Brian also made time to do what had to be the nastiest job of the day, which was cleaning out the cooler from last year. Chris and I had a little misunderstanding last year after our party. I asked him if he emptied out the cooler and he said "Yes." The misunderstanding happened when I thought he was actually listening to the question and giving an honest answer, and he was thinking, "I don't know what she just asked because I was watching football, but if I say 'yes' I bet I won't have to do anything else." So a couple of weeks later when I went to move the cooler from the back porch to the garage, I noticed it was awfully heavy. Lo and Behold, inside were two beers and a few gallons of water! Oh, and some nasty mold/mildew stuff. So I emptied it and left it to dry... and never really got back to it. Brian bravely donned the yellow rubber gloves this year, and armed with Tilex, a sponge, and the water hose, he scrubbed that bad boy clean. Oddly, Brian also made sure the cooler was empty and wiped out before they left the next day. Guess he didn't want to get stuck with THAT job ever again. :-)

Chris got the tree up, and with Athena's instant fascination with it, we have opted for a "Lights Only" tree this year. We'll do ornaments again next year, when Athena is older and The Nameless One is still not really reaching for stuff... well, we hope.

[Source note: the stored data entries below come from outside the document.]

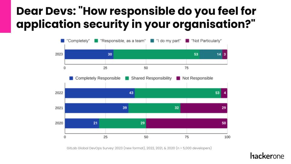 Ultimately, these issues stem from a failure to truly prioritize and design for the developer experience. However, the good news is that developer attitudes towards security are shifting rapidly. GitLab's recent survey found that 97% of developers now feel responsible for application security, up from just 50% in 2019.
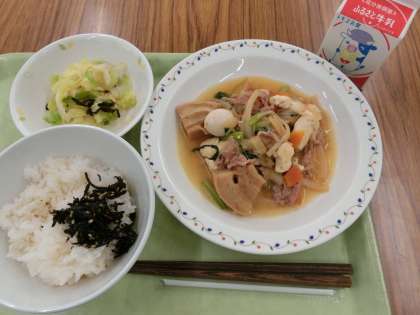 「麦ごはん、ひじきのふりかけ、すき焼き風、キャベツの塩昆布かけ、牛乳」です。
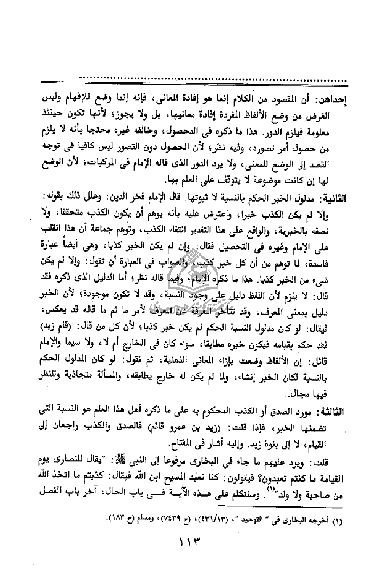 الثالثة: مورد الصدق أو الكذب المحكوم به على ما ذكره أهل هذا العلم هو النسبة التى تضمنها الخبر، فإذا قلت: (زيد بن عمرو قائم) فالصدق والكذب راجعان إلى القيام، لا إلى بنوة زيد. وإليه أشار فى المفتاح.
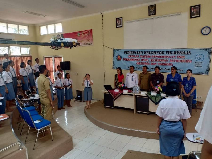 Pembinaan Kelompok PIK Remaja yang dilaksanakan di SMA Bali Mandara yang diselenggarakan pada hari Selasa, 15 Oktober 2019 denagn materi pendewasaan usia operkawinan (PUP), kesehatan reproduksi dan narkoba
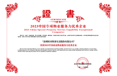 服务理念:星服务 心托付星河智善生活集团,成立于1999年。是一家集住宅服务、商企服务、智慧楼宇、增值服务四大业务板块为核心的平台化、多元化、数字化的现代服务企业,为超过40万客户业主提供高端精品服务。服务业态涵盖住宅、公寓、写字楼、产业园区、商业、政府公建、酒店、学校等12类业态,系国内物业管理类型最丰富的企业之一。

Sophie and I did cook a few things. She had more energy than I, but we both rested often and Sophie actually nodded off on the couch at about 10:30 when most of the guests had left. I'm looking forward to cooking more next year, although with three kids underfoot most of the day, I wonder how productive we'll be. Life is just chugging forward, isn't it?!

Sunday, December 04, 2005

What Are the Odds?

I watch very little television. What I DO watch tends to be for kids (for Athena) or something somewhat educational (history, discovery, etc.) And on Sundays, I have a sort of tradition of folding laundry and watching Extreme Makeover Home Edition. It's one of the few shows on that I find regularly good and worthwhile. And, of course, it always makes me cry. Which I hate to do. Cry at television shows or movies, that is. Not cry in general.

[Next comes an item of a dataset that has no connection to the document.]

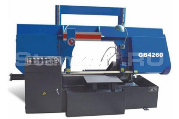 Модель GB 4260 является гидравлическим ленточнопильным станком, колонного двухстоечного типа. Полуавтоматический ленточнопильный станок, предназначен для пиления труб и сплошных заготовок, максимальным диаметром круга 600 мм и прямоугольной заготовки 600x700 мм под углом 90°. Двухстоечный ленточнопильный станок имеет 2 вертикальные стойки (колонны) по которым перемещается горизонтальная пильная рама, образуя жёсткий замкнутый контур с высокой стабильностью реза.

So tonight, I had actually already folded the laundry and I was downstairs heating up a snack. Chris came down to watch his DVRed episodes of Lost, so I asked if he minded if I just catch the opening of Extreme Makeover while my snack finished heating so I wouldn't miss any of the back story. He happily agreed and settled down to watch with me.

Well, I didn't prepare for this episode by going online to see what the family's hardship was. I don't like to do that anyway because I feel the show is better if I just watch it. This week, a widower and his three daughters (ages 6, 2.5 and maybe 8 months... if that old) asked for help. Turns out his wife died ON MOTHER'S DAY, no less, from a heart problem that was related to the strain of pregnancy and delivery.

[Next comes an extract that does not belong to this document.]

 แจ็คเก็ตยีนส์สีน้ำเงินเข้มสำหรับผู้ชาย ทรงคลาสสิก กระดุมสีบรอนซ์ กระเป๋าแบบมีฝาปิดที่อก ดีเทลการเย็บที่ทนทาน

Now, this is the SECOND time I have done this to my husband. When I was about seven months pregnant with Athena, I dragged him to see Jersey Girl. Not having kept up with reviews, etc., I had no idea that the whole premise of the movie was that the mother dies just after delivering her first child because of a brain aneurism... again, linked to the strain of delivery. In this show, it was apparently several days (perhaps weeks) after the child was born, and this man's wife went to bed and within an hour, died in her sleep. He went to wake her, having no idea something was wrong, and she was gone.

My poor husband was clearly moved by this, and who wouldn't be? Here I am, 34 years old, six months pregnant with my second child, and constantly complaining of my aching back and how tired I am and how much of a strain this pregnancy seems to be putting on my body compared to the last one. Now, I have no idea how often women die secondary to labor and delivery, and I'm sure the numbers are relatively low, but holy crap! How terribly frightening is that to see something, especially in this case a true story, JUST BEFORE you are about to embark on that joyous journey called childbirth?! Yipes.

Sure, it scares me a bit, but honestly, I'm not really worried about it happening to me. However, if I were Chris, I would simply be beside myself. He watched the whole show with me. And he said that it was worse this time (as opposed to Jersey Girl) because he actually has a child now... and he can see better what it would be like. I think this time was also worse (certainly for me) because it wasn't J-Lo dying on a big screen while we were eating popcorn. This was a real woman with three beautiful children. It's a lot harder to put that from your mind.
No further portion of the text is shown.